- Opening Delimiter -

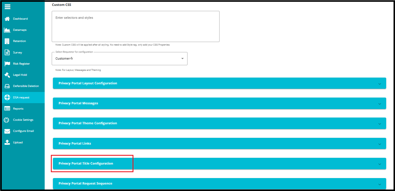 1. Click on "Footer Configuration" under the Privacy Portal Layout Configuration section.
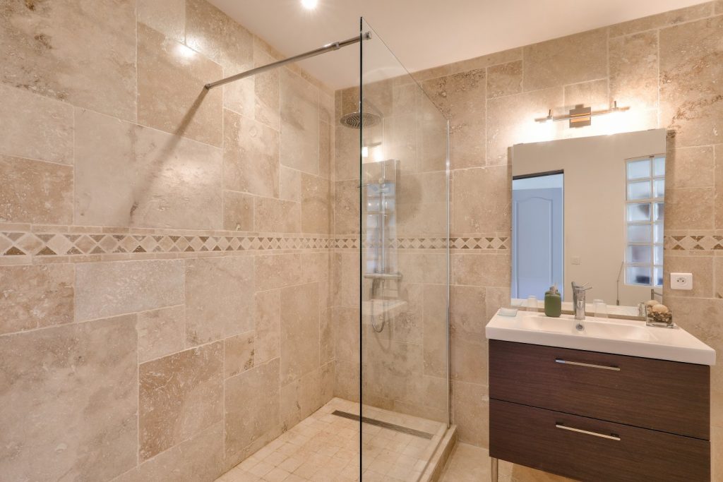 Découvrez une expérience de bain distinctive dans notre salle de bain en travertin, offrant un effet unique et une ambiance raffinée à la Chambre Petite Grange.
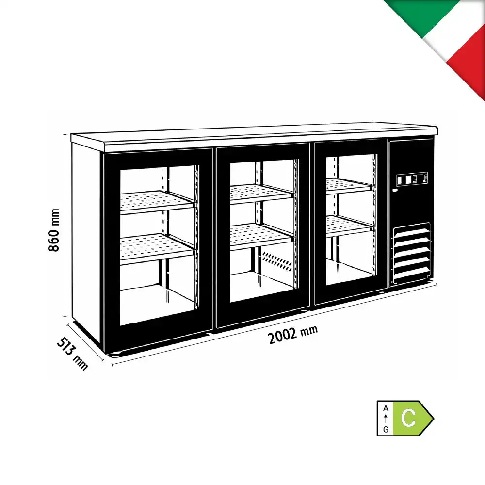 Βιτρίνα συντήρησης τριπλή – Back Bar με ανοιγόμενες πόρτες , βεβιασμένης ψύξης & χωρητικότητας 537lt , Klimaitalia Ιταλίας.
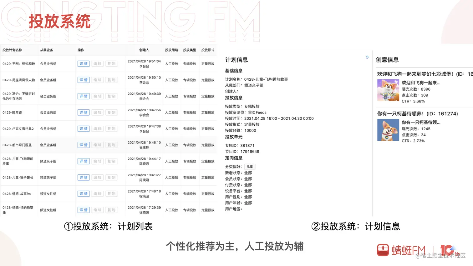 个性推荐时期运营对于少数专辑依然会有流量扶持、推广的的述求,在个性化推荐的基础上增加了投放系统。投放系统中还支持通过不同标题、封面对单个投放计划生成多个创意,多个创意之间数据表现好的沉淀下来推广到更多的场景中。运营不再局限于选择内容,更为重要的是重新组织创造了内容,充分发挥出了运营在想象力、创造力上的价值。
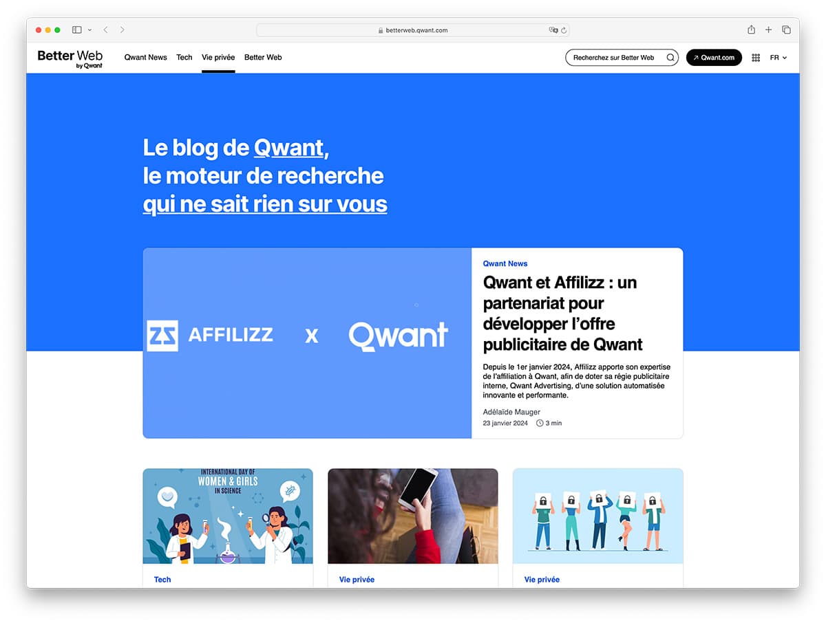 Qwant is another privacy-focused search engine that claims it is not tracking its users. Like most other brands, Qwant uses Ghost for its news blog, focusing on product announcements and education related to its industryโprivacy.
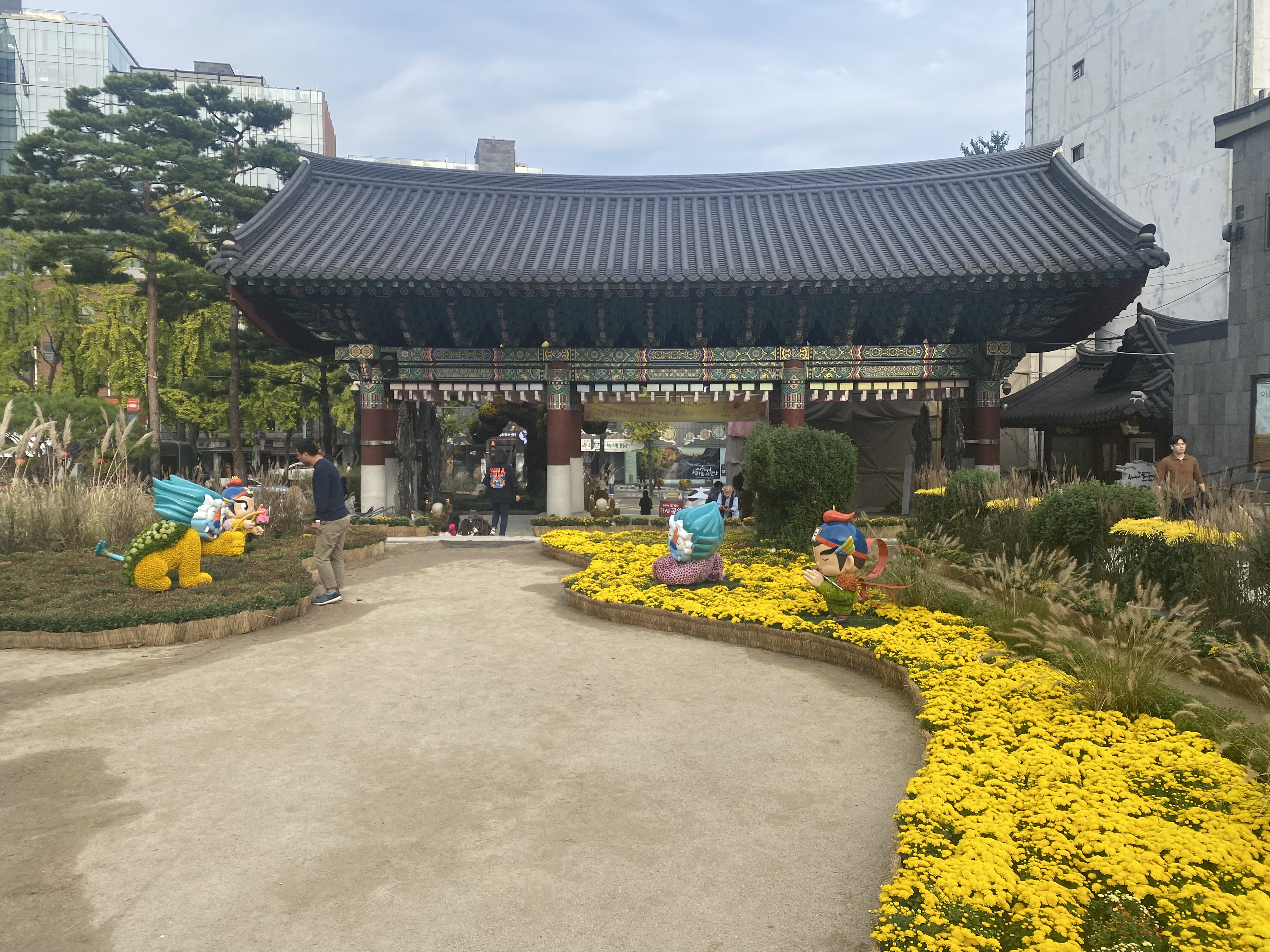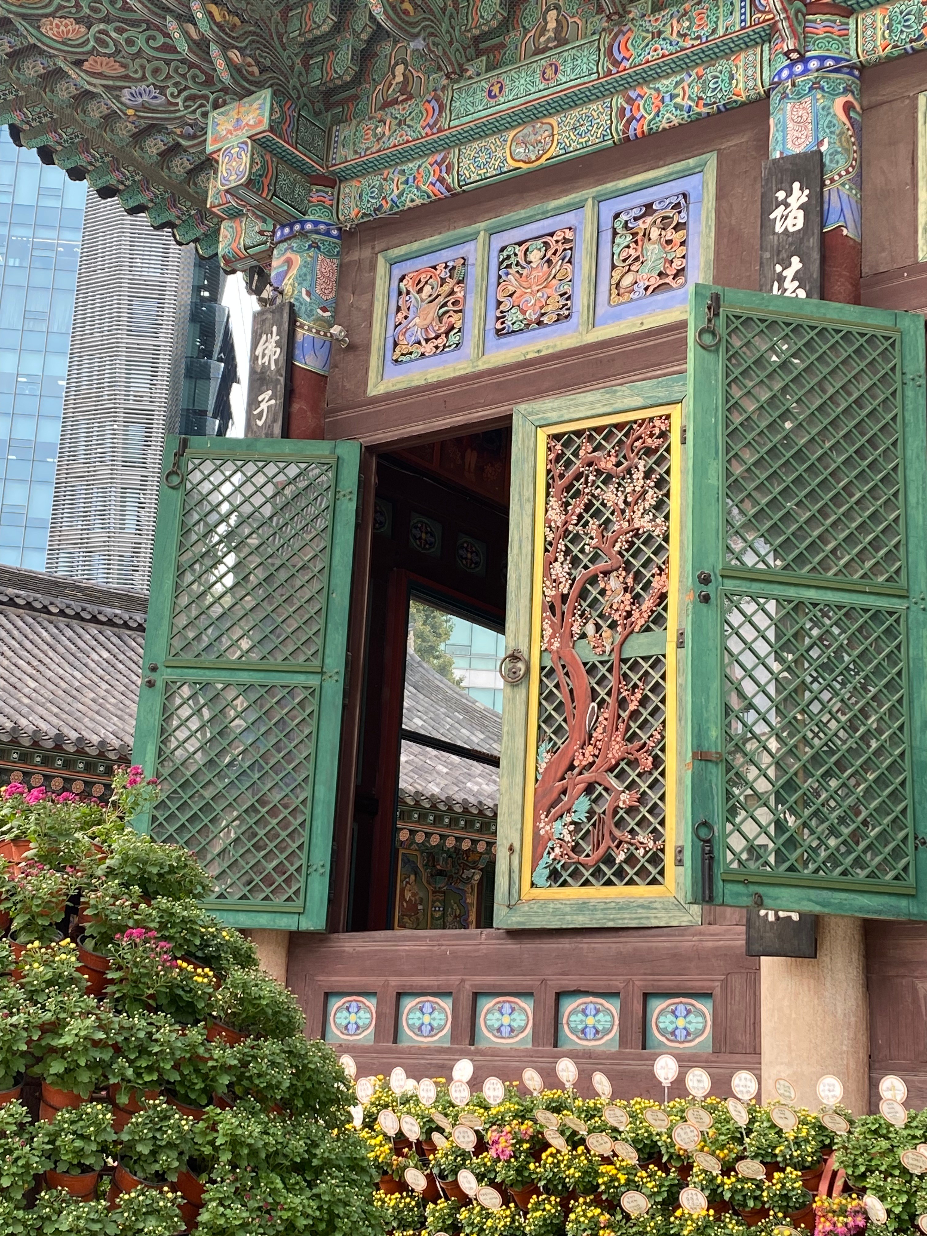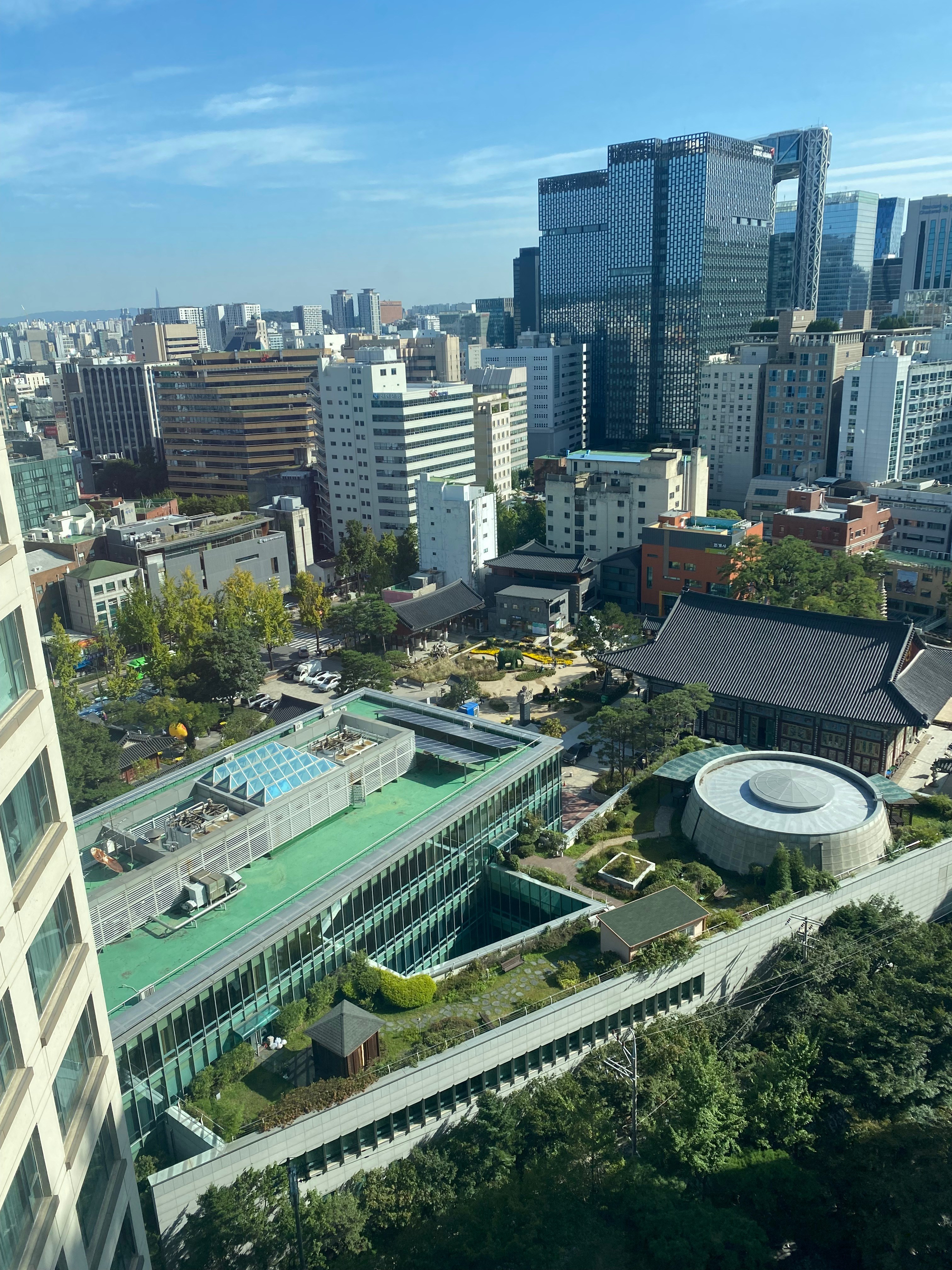 A collection of traditional-looking buildings, flowers and trees lay right below our hotel window in Seoul. The open space and the distinctive roofs stood out amid the hyper-modernity of the surrounding city.
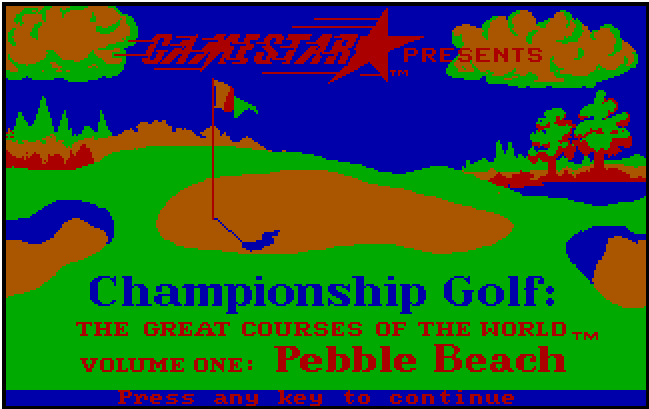 Championship Golf - The Great Courses of the World - Volume I Pebble Beach Game year 1986 Platform DOS GameType Retail How to play Each game uses different controls, most DOS games use the keyboard arrows. Some will use the mouse.

- Closing Delimiter -

Work required: All lines from the one containing "个性推荐时期运营对于少数专辑" through the end of the data are to be written out exactly, with nothing added; skip the pictures.

Answer space:
 个性推荐时期运营对于少数专辑依然会有流量扶持、推广的的述求,在个性化推荐的基础上增加了投放系统。投放系统中还支持通过不同标题、封面对单个投放计划生成多个创意,多个创意之间数据表现好的沉淀下来推广到更多的场景中。运营不再局限于选择内容,更为重要的是重新组织创造了内容,充分发挥出了运营在想象力、创造力上的价值。
 Qwant is another privacy-focused search engine that claims it is not tracking its users. Like most other brands, Qwant uses Ghost for its news blog, focusing on product announcements and education related to its industryโprivacy.
 A collection of traditional-looking buildings, flowers and trees lay right below our hotel window in Seoul. The open space and the distinctive roofs stood out amid the hyper-modernity of the surrounding city.
 Championship Golf - The Great Courses of the World - Volume I Pebble Beach Game year 1986 Platform DOS GameType Retail How to play Each game uses different controls, most DOS games use the keyboard arrows. Some will use the mouse.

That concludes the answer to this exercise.